Contentment

When words become unclear, I shall focus with photographs. When images become inadequate, I shall be content with silence.

~ Ansel Adams

slip:4a1299.

Silence

Silence is exhilarating at first—as noise is—but there is a sweetness to silence outlasting exhilaration, akin to the sweetness of listening and the velvet of sleep.

~ Edward Hoagland

slip:4a1279.

Silence

I like my human experience served up with a little silence and restraint. Silence makes experience go further and, when it does die, gives it that dignity common to a thing one had touched and not ravished.

~ Djuna Barnes

slip:4a1229.

Silence

True silence is the rest of the mind; it is to the spirit what sleep is to the body, nourishment and refreshment.

~ William Penn

slip:4a1219.

Generous silence

Generous silence provides space for the other person to be with their own self, for you to be with them for presence to show up. It allows them to take a breath. It whispers, “this is an interesting place to be. Let’s hang out here for a moment.” […] Generous silence can allow the delicate insights of a conversation to blossom and bloom.

~ Michael Bungay Stanier

slip:4a1157.

Silence kept

For every time you regret that you did not say something, you will regret a hundred times that you did not keep your silence.

~ Leo Tolstoy

slip:4a1137.

The more you say

The more you say, the more likely you are to blow past opportunities, ignore feedback, and cause yourself suffering. The inexperienced and fearful talk to reassure themselves. The ability to listen, to deliberately keep out of a conversation and subsist without its validity is rare. Silence is a way to build strength and self-sufficiency.

~ Ryan Holiday

slip:4a988.

Silence

The universe makes a sound — is a sound. In the core of this sound there’s a silence, a silence that creates that sound, which is not its opposite, but its inseparable soul. And this silence can also be heard.

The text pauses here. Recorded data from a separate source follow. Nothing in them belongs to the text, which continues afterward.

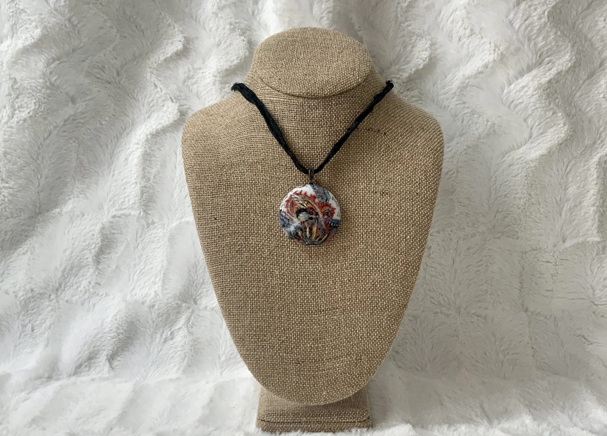 This fused glass, pendant necklace, Reine, is a one-of-a-kind work of art. Created with love and care from hand-selected pieces of high-quality glass, and then melted in a kiln to reveal the unique character of the glass, this piece displays a majestic hand painted queen bee sitting among her kingdom with its rich tapestry of golden flowers sunset orange paisley and bands of soft dove gray, only a true queen is able to wear this work of art with grace and dignity. 1.5× 1.5 inches
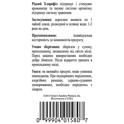БАД к пище Хлорофилл жидкий является дополнительным источником хлорофилла.
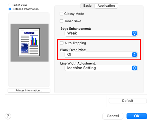 In [Quality] - [Application], set [Auto Trapping] or [Black Over Print].
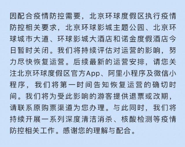 據(jù)@北京環(huán)球度假區(qū) 微博消息,因配合疫情防控需要,北京環(huán)球度假區(qū)執(zhí)行疫情防控相關要求,北京環(huán)球影城主題公園、北京環(huán)球城市大道、環(huán)球影城大酒店和諾金度假酒店今日暫時關閉。我們將持續(xù)評估對運營的影響,努力盡快恢復運營。后續(xù)最新的運營安排,請您關注北京環(huán)球度假區(qū)官方App、阿里小程序及微信小程序,我們將第一時間告知恢復運營的確切時間。我們將為受此影響的游客提供退票或改期,請聯(lián)系原購票渠道為您辦理。與此同時,我們將持續(xù)開展一系列深度清潔消殺、核酸檢測等疫情防控相關工作。感謝您的理解與配合。
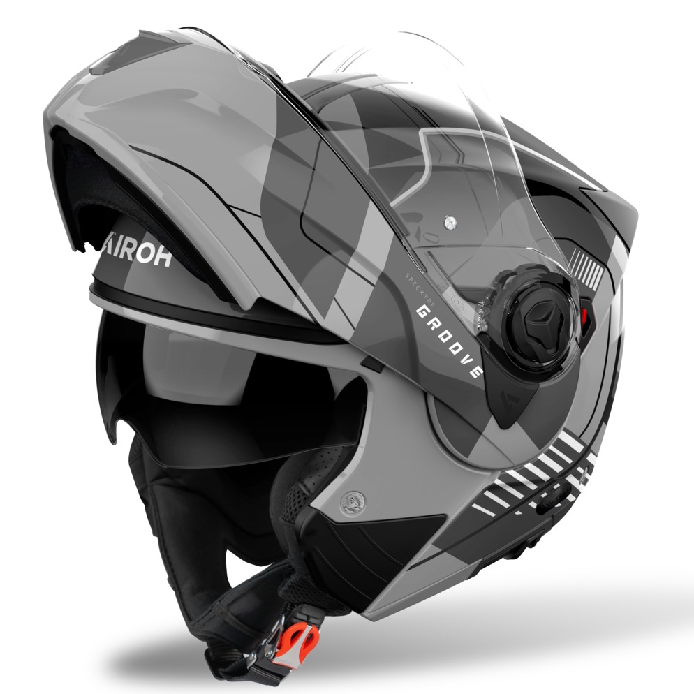 Specktre: "Engedély a lenyűgözésre". Ez nemmás, mint az AIROH SPECKTRE Groove P/J szürke fényes felnyitható bukósisak.
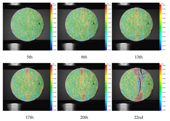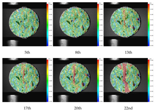 Figure 8 presents the strain maps of mortar. It can be noted that the localization phenomenon at the loading end was obvious. Near the loading strip, the cracks often deviated from the center of the specimen, resulting in secondary cracks. The largest tensile strain on mortar specimens was 0.0237 along the diametral loading direction, which meant the mortar specimens began to crack at this moment. This is very close to the value in the literature [14]. For the strain maps of concrete specimens shown in Figure 9, the localization phenomenon at the end was improved successfully. There was no deviation from the center or secondary cracks. Therefore, the existence of aggregate improved the crack development process and made the test results more reliable. After the peak time, the high strain zones extended from the periphery of the aggregate to the end. The largest tensile strain was 0.0836 along the diametral loading direction. According to the strain maps and strain–time curves, the failure process could be divided into three stages. In the first stage, the internal stress level of the specimens was small, and the specimens were in the stage of linear elastic deformation under tension. At this time, the number of microcrack initiation was small, and stress increased relatively slowly. In the second stage, the internal stress level of the specimen increased, and the stress localization was obvious. Although macro cracks did not yet occur, a large number of internal microcracks were already initiated. The third stage came after reaching the peak stress, the microcracks propagated and converged rapidly, and a macro crack occurred.
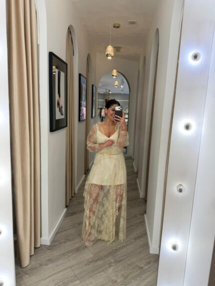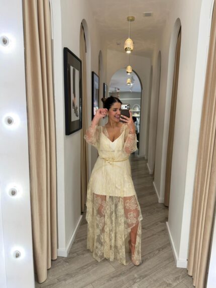 VESTIDO MIDI BEGE OMBRO A OMBRO LANÇA PERFUME

~ Etel Adnan from, Shifting the Silence to Find the Meaning: 95-Year-Old Artist, Poet, and Philosopher Etel Adnan on How to Live and How to Die

slip:4uteee1.

I am not a poet. Who knows, maybe if I were, I’d still be at a loss for words. On one hand, having read Popova’s short article I feel relieved; At the least, I’ve now noticed a person named Adnan has lived, and I’ve enjoyed a small sip of her writing. On the other hand, a gripping panic begins to rise up as it’s painfully clear that I will never make even the slightest progress in experiencing the totality of what this universe has to offer. Anyway, go take a sip.